I’m probably going to get down voted to death for this, but it’s worth the shot.

The Difficulty pacing problem in World of Warcraft is quite… interesting to say the least.

For the entire leveling experience (1-70), most of the content you can do is trivial, you can’t die, wiping in leveling dungeons is pretty much implausible. The enemies in the questing zones don’t really offer any challenge nor teach you the importance of using Crowd Control, interrupts or defensives at all, because you don’t really need them.

Mechanics for dungeon bosses are reduced considerably in Normal & Heroic modes, and all of the trash mechanics are basically irrelevant to keep track off in these difficulties because everything dies so fast.

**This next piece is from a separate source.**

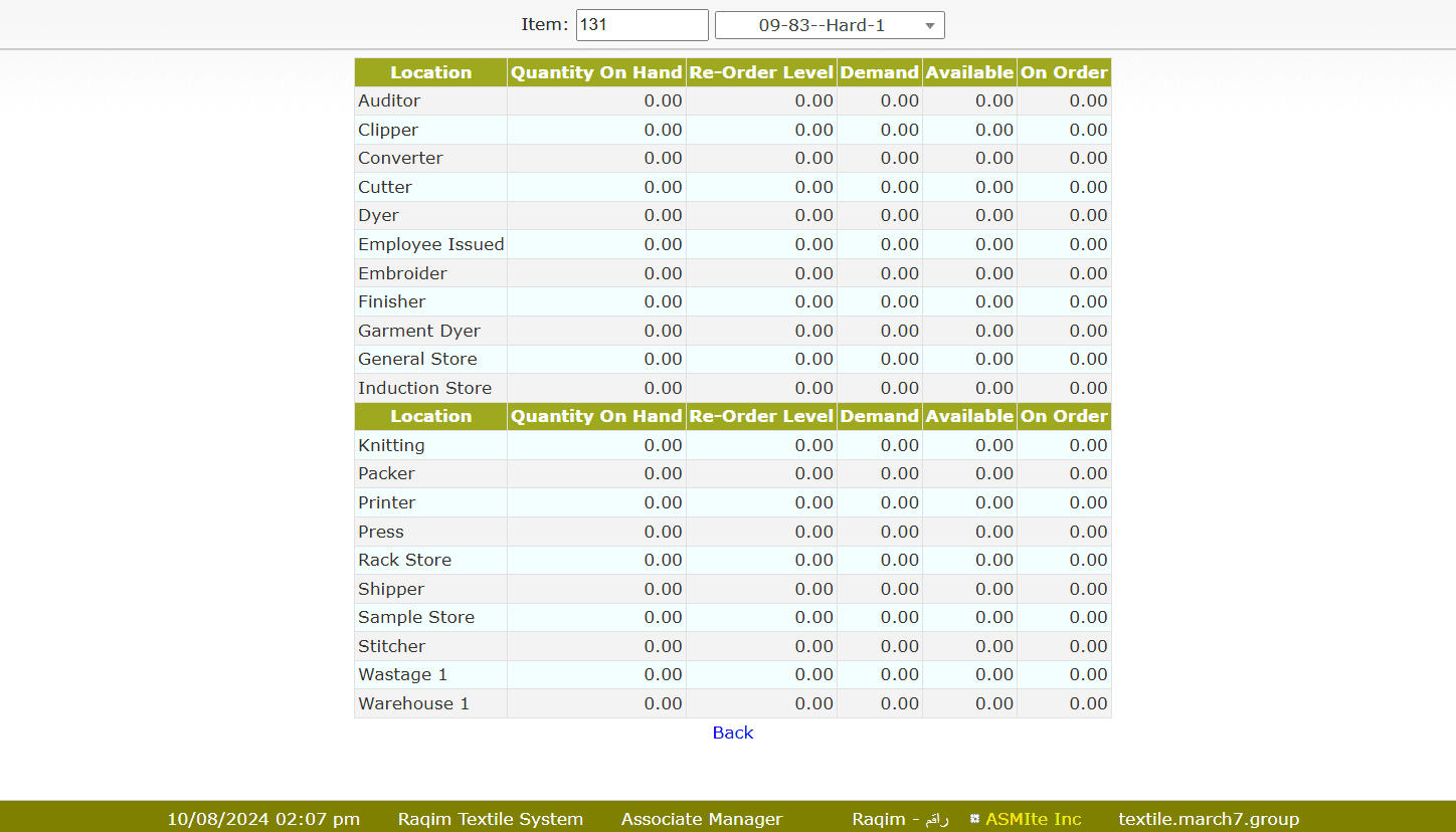 Shows QOH (Quantity on Hand) for items and other stock details.

In LFR, even if the raid group fails mechanics pretty hard, every single wipe gives you a stack of ‘determination’, so, eventually, even the worst of groups will ‘brute force’ their way through the content.

Then suddenly, at M+ 10 keys, using crowd control matters, interrupting mobs and bosses is actually required to succeed, standing in the “fire” means that you die, and not using your defensives usually makes you feel like a wet noodle. Basically, how you fundamentally play and interact with the game changes drastically once you enter 10+ keys.

I think this is a problem, because the game doesn’t fundamentally let you fail up until you are 10+ key levels deep into M+. The game shouldn’t be afraid of letting you fail nor teach you through gameplay the fundamentals of wow.

Any thoughts?

3 Likes

Yeah, that’s true. I mean, the game never prepares players for getting into M+ at all. Then the players that do M+ don’t want to help new players learn as Keys are timed. So, if you don’t automatically know what you’re doing then you’ll get kicked or they’ll abandon your key.

2 Likes

I 100% agree. They should reverse the death strike nerfs in PvP and remove a lot of the PvP modifiers that Death Knights have in general leading to a more balanced PvP experience.

2 Likes

The solution is a training room or firing range, like other games have. A space where you can test your abilities out on npcs. With selectable buffs and debuffs. The biggest problem with difficulty is that ruining keys is literally just baked into the experience. The way for a new player to “practice” is to literally just do the content, hope it isn’t so bad that you’re not entirely put off by the experience, and then do it all over again.

I kinda disagree.

This is how M+ is supposed to work. It’s an infinitely scaling system and the mechanics are always the same (barring affixes). There will logically come a point where the difficultly of the dungeon supersedes your knowledge and skills.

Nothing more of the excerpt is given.